А боцман всё ближе, ближе продвигался к торпеде. То и дело его отбрасывало назад, но он вновь устремлялся к ней, очень близкой и недоступной. Был момент, когда казалось, вот-вот он ухватит её за рым, но она вдруг ускользала в сторону, и ему снова приходилось гнаться за ней. Были моменты, когда боцман едва успевал увильнуть: водяные глыбы швыряли её навстречу, и она грозила расплющить его своим литым, тяжёлым телом. Теперь он чаще нырял в наступающий вал, а не стремился взобраться на его гребень.
Катер валяло с борта на борт, как ваньку-встаньку.
Буров поглядел на часы: оставалось ещё двадцать минут.

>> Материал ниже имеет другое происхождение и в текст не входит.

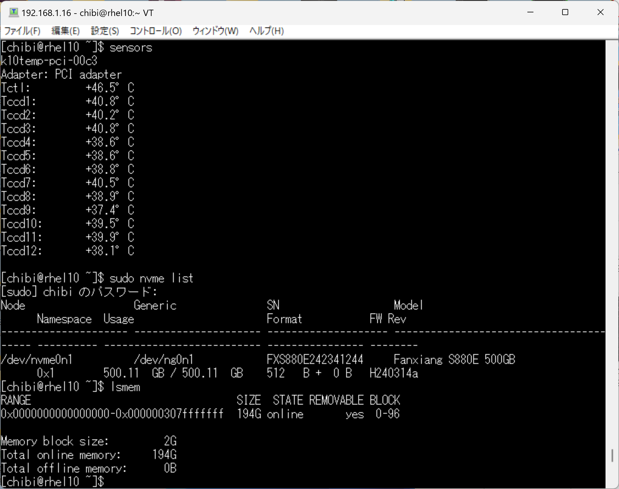 - 第5世代 AMD EPYC 9655 96-Core Processor 192Thereds 384GB TAITAN RTX Fanxiang S880E 500GB 構成された Red Hat Enterprise Linux release 10.0へ CUDA.12.9.0をInstall して cat /etc/redhat-release nvidia-smi nvcc -V lsmem sensors nvme list smart-log /dev/nvme0n1 lscpuを設定してみた に 中川隆 より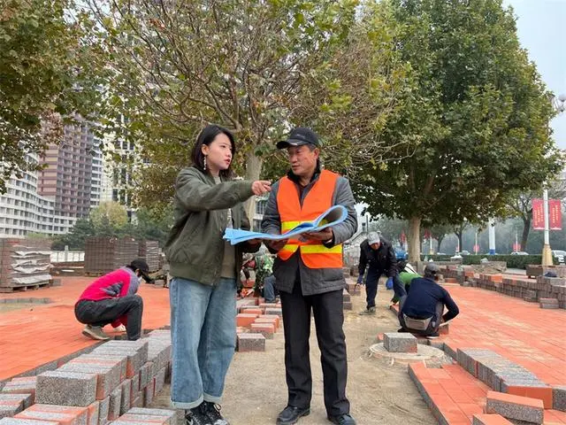 11月15日,在唐山市北新道海綿化改造施工現場,中國市政工程華北設計研究總院駐唐技術咨詢工程師劉昊妍(左)與施工方探討進度方案。
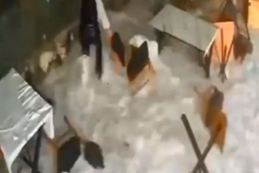 Restorana vuran dev dalganın çalışanı sürüklendiği anlar kamerada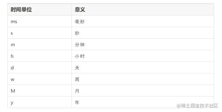 再比如,读取时间可以使用以下单位: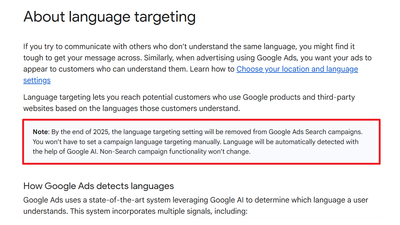 - What’s changing. Manual language targeting in Search campaigns will disappear; AI handles it automatically.

Прикинул: "Семь на буксировку. А боцману на, обратный путь? Тоже минут семь. Значит, значит... Но ведь не сделано пока самое главное. Вон она, подлая, мечется..."
Он увидел вдруг, как Лопатин прыгнул на торпеду, обхватил её руками и ногами. И тут же они вместе провалились под воду. Словно в преисподнюю. Бурову казалось, что следующей секунды в его жизни никогда не будет... Он затаил дыхание и только чувствовал, как гулко ухает сердце. "Но ведь оно тоже отбивает время! Почему же нет Лопатина? Почему нет?"
Катер внезапно взлетел на высоченный горб. И в свете прожектора все увидели, что с бака к торпеде струной натянулся стальной трос. За него надёжно и ловко держался боцман. То провисая между валами, то исчезая в них, он хватко перебирал трос руками и быстро двигался к борту. - Всё! - ошалело крикнул Грачев и повернулся к Бурову: - Теперь всё, товарищ командир! Загарпунил!
У борта Лопатина подхватили сразу несколько рук. Втащили его на палубу. Потом Буров услышал, как захлопнулась дверь ходовой рубки: голоса затихли. Торпеду не стали заводить за корму - некогда было. Буров решил сманеврировать, нетерпеливо звякнул машинным телеграфом.
- Лево руль! Держать на "Медузу"! Отличительный видите?
- Вижу, товарищ командир! - Грачев чуть помолчал, потом засмеялся: - Ох и валяет! Того и гляди, клотиком по волне лизнем. Но теперь чепуха, теперь порядок, считай, дома...
Через час, когда катер уже возвращался в базу, Буров наконец спустился вниз. Радисту каким-то чудом удалось согреть чай. Он протянул большую эмалированную кружку Бурову:
- Погрейтесь, товарищ командир. Не напьётесь, ещё половину можно...
- Спасибо. - Буров обхватил озябшими руками горячую кружку и... улыбнулся. - Как хорошо! Как хорошо-то, Цыбин, а?
- Ещё бы! - согласился радист. - Столько часов на таком холоду. На эсминце вон иль на "Медузе" посиживают в тепле, да малость покачиваются. А тут так закаруселивает...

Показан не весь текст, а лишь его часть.